Health Technologies

Neural breakthrough in blindness study

Researchers have identified a neural ‘fingerprint’ in blind people that could pave the way for new approaches in sight restoration.

Neuroscientists say that the part of the brain which receives and processes visual information in sighted people develops a unique connectivity pattern in people born blind.

They believe this pattern in the primary visual cortex is unique to each person — akin to a fingerprint.

The findings could have “profound implications for understanding brain development and could help launch personalised rehabilitation and sight restoration strategies”, researchers say.

It has long been understood that the visual cortex in people born blind responds to a range of stimuli, including touch, smell, sound localisation, memory recall and response to language.

However, the lack of a common thread linking the tasks that activate primary areas in the visual cortex has perplexed researchers.

The new Georgetown University study, led by researchers Lenia Amaral, Ella Striem-Amit and Elisabeth Richard von Matsch, provides a compelling explanation; revealing differences in how each individual’s brain organises itself.

“We don’t see this level of variation in the visual cortex connectivity among individuals who can see – the connectivity of the visual cortex is usually fairly consistent,” said Striem-Amit, who leads a sensory and motor plasticity lab at Georgetown.

“The connectivity pattern in people born blind is more different across people, like an individual fingerprint, and is stable over time – so much so that the individual person can be identified from the connectivity pattern.”

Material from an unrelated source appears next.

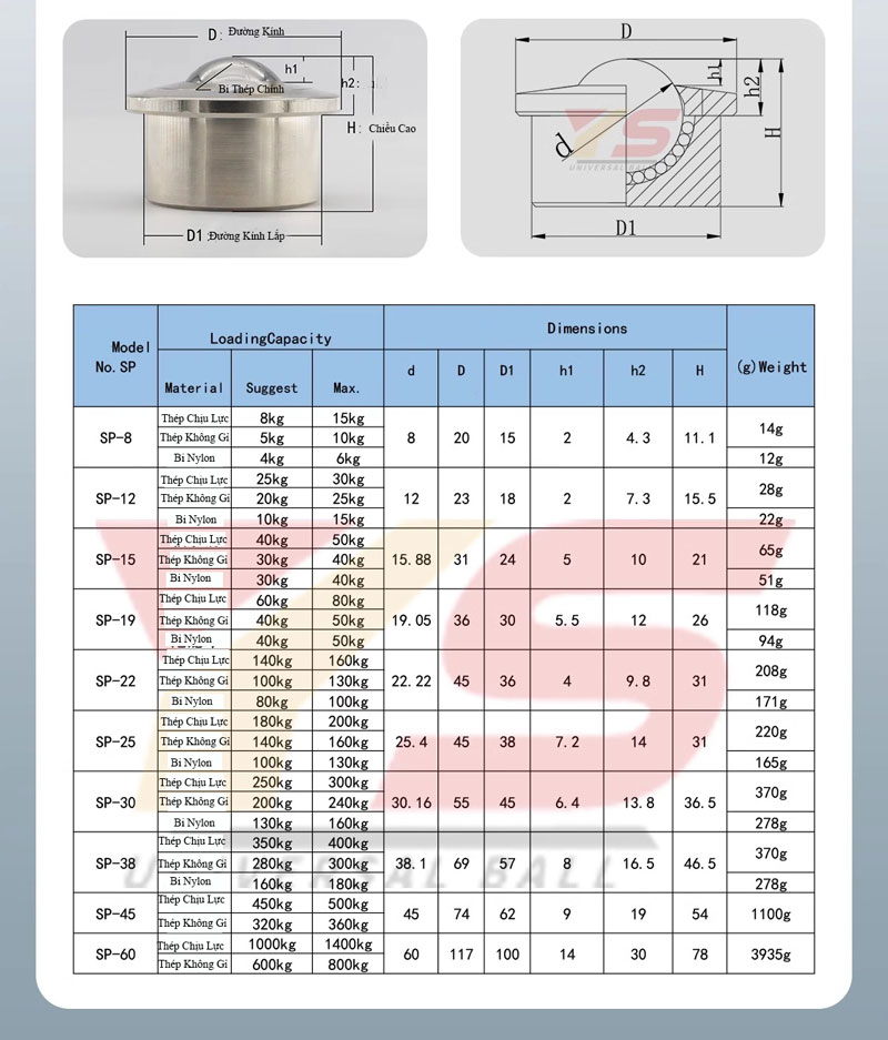 BẢNG THÔNG SỐ BI MẮT TRÂU DÒNG SP

The study included a small sample of people born blind who underwent repeated functional MRI scans over two years. The researchers used a neuroimaging technique to analyse neural connectivity across the brain.

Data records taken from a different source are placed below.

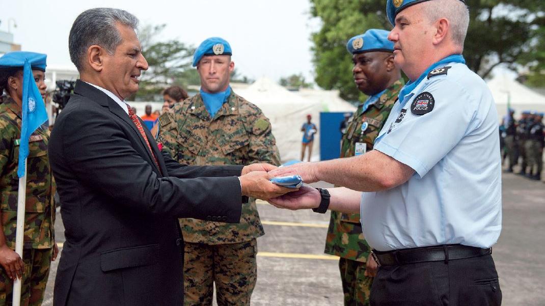 Farid Zarif, the Special Representative of the Secretary-General and Head of UNMIL (left), presents the UN flag to UNMIL Police Commissioner Simon Blatchly at UNMIL HQ during a farewell ceremony to honour uniformed personnel. Photo: Albert G. Farran | UNMIL | 5 Feb 18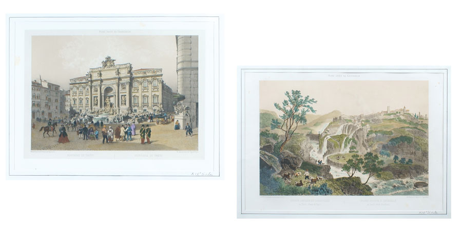 COPPIA DI STAMPE ENTRO CORNICI inizio XX Sec. raffiguranti "La Fontana di Trevi e le Cascate di Tivoli", lievi difetti A LOT OF TWO PRINTS 20th century respectively with scenes of Rome, framed, minor defects 30x42 cm.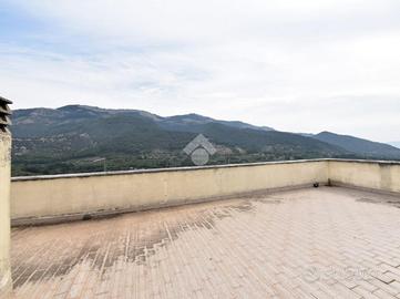 L'ampio soggiorno, illuminato dalla luce naturale, si apre su un balcone. Completa la proprietà un esclusivo terrazzo, perfetto per godersi la tranquillità del borgo con parenti e amici.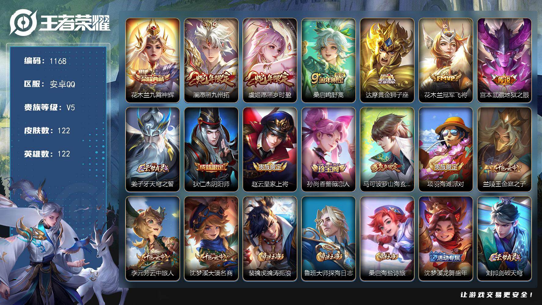 安卓Q-V5--122皮肤-1典藏皮肤-6传说-34史诗-1星传说【荣耀典藏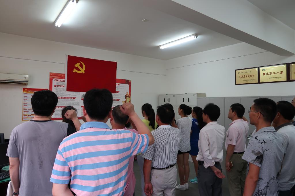 上午8点,后勤集团党总支全体党员在庄严的党旗面前,在党总支书记万丽萍的带领下,重温了入党誓词,再次感受了作为一名党员所肩负的神圣职责和使命。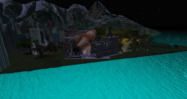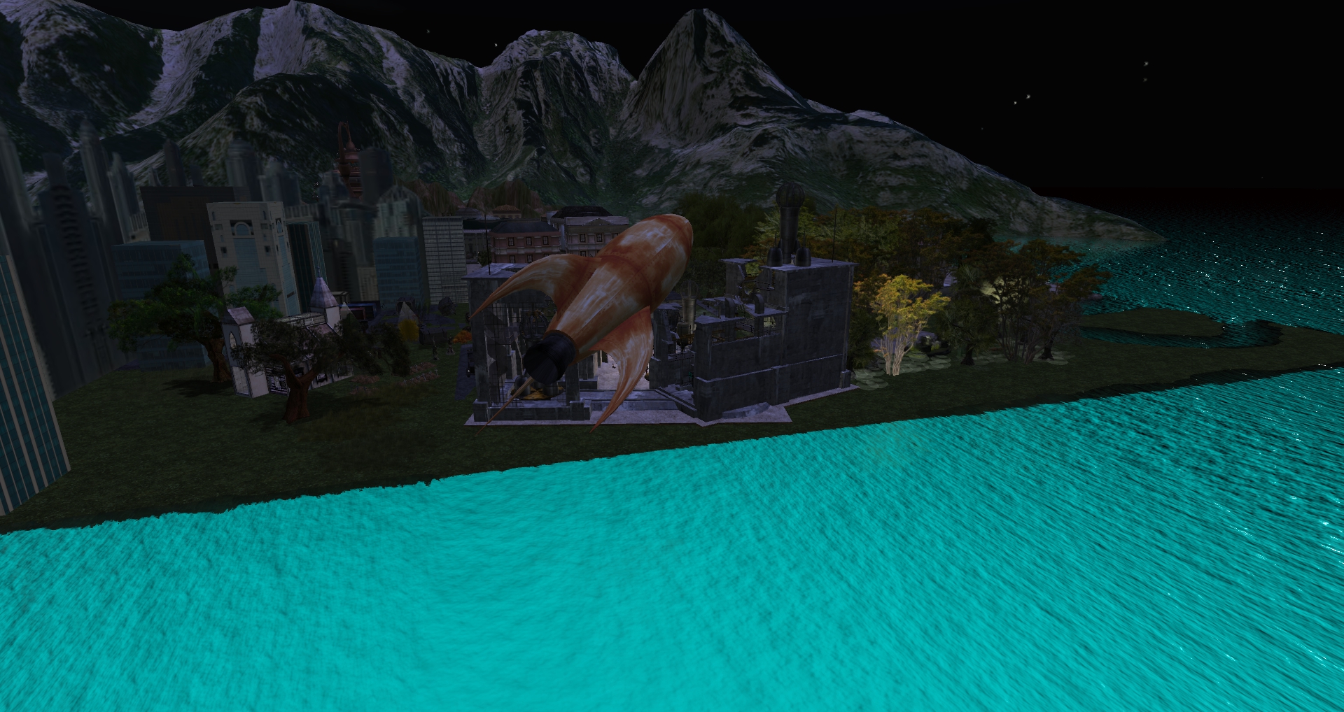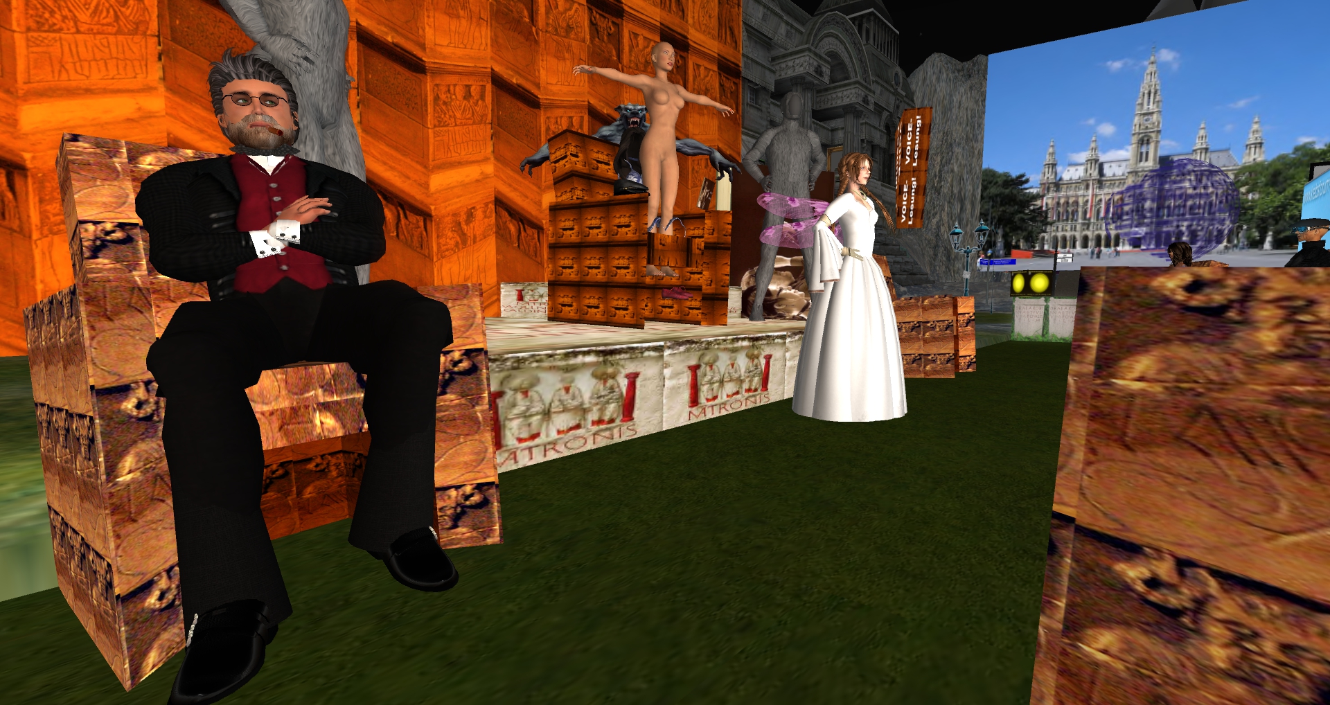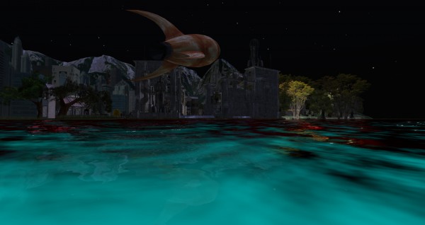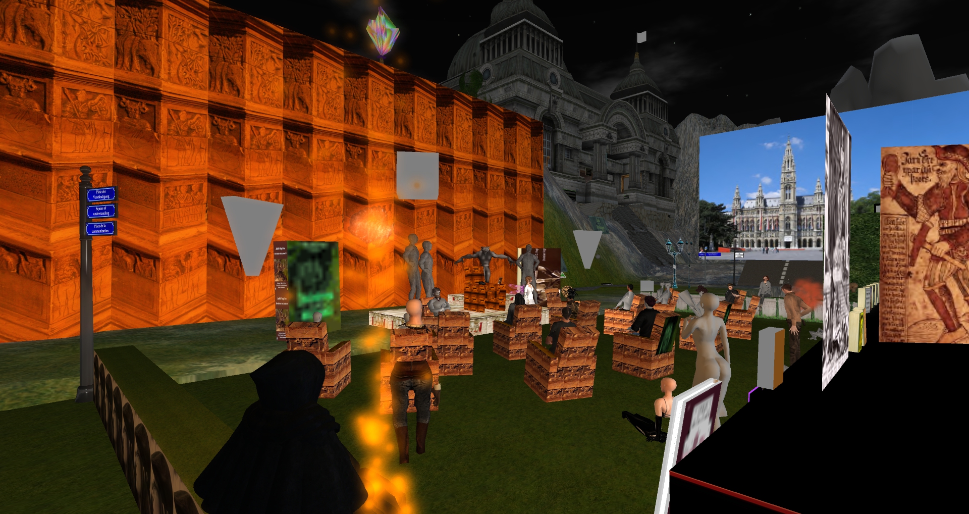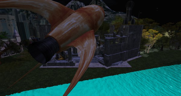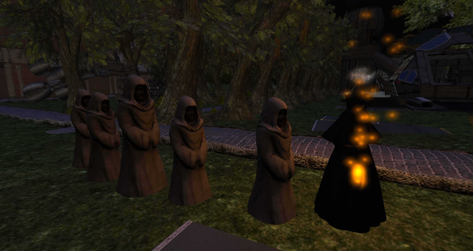 Nach leichten Anlaufschwierigkeiten war dann schnell klar: Das Warten hat sich gelohnt! Eine unglaubliche Bühnenpräsenz, die noch von einen Soundtrackt unterstützt wurde. Tom Daut las in einer Kulisse, die fast eine gesamte SIM umfasste und von Barlok Barbosa und ClaireDiLuna Chevalier gemeinsam gestaltet wurde. Der gelesene Teil aus „Die Sinistra“ war eher Richtung harter Military SF, aber der Roman geht, nach dem Autor, dann mehr in Richtung einer Mischung aus Dark Fantasy und Military SF.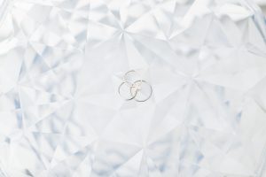 お二人の結婚指輪と、婚約指輪をそっと置いた一枚。

“The visual cortex in people born blind showed remarkable stability in its connectivity patterns over time,” Amaral explained.

“Our study found that these patterns did not change significantly based on the task at hand – whether participants were localizing sounds, identifying shapes, or simply resting. Instead, the connectivity patterns were unique to each individual and remained stable over the two-year study period.”

Striem-Amit said: “Our findings suggest that experiences after birth shape the diverse ways our brains can develop, especially if growing up without sight. Brain plasticity in these cases frees the brain to develop, possibly even for different possible uses for the visual cortex among different people born blind.”

The researchers posit that understanding each person’s individual connectivity may be important to better tailor solutions for rehabilitation and sight restoration to individuals with blindness, each based on their own individual brain connectivity pattern.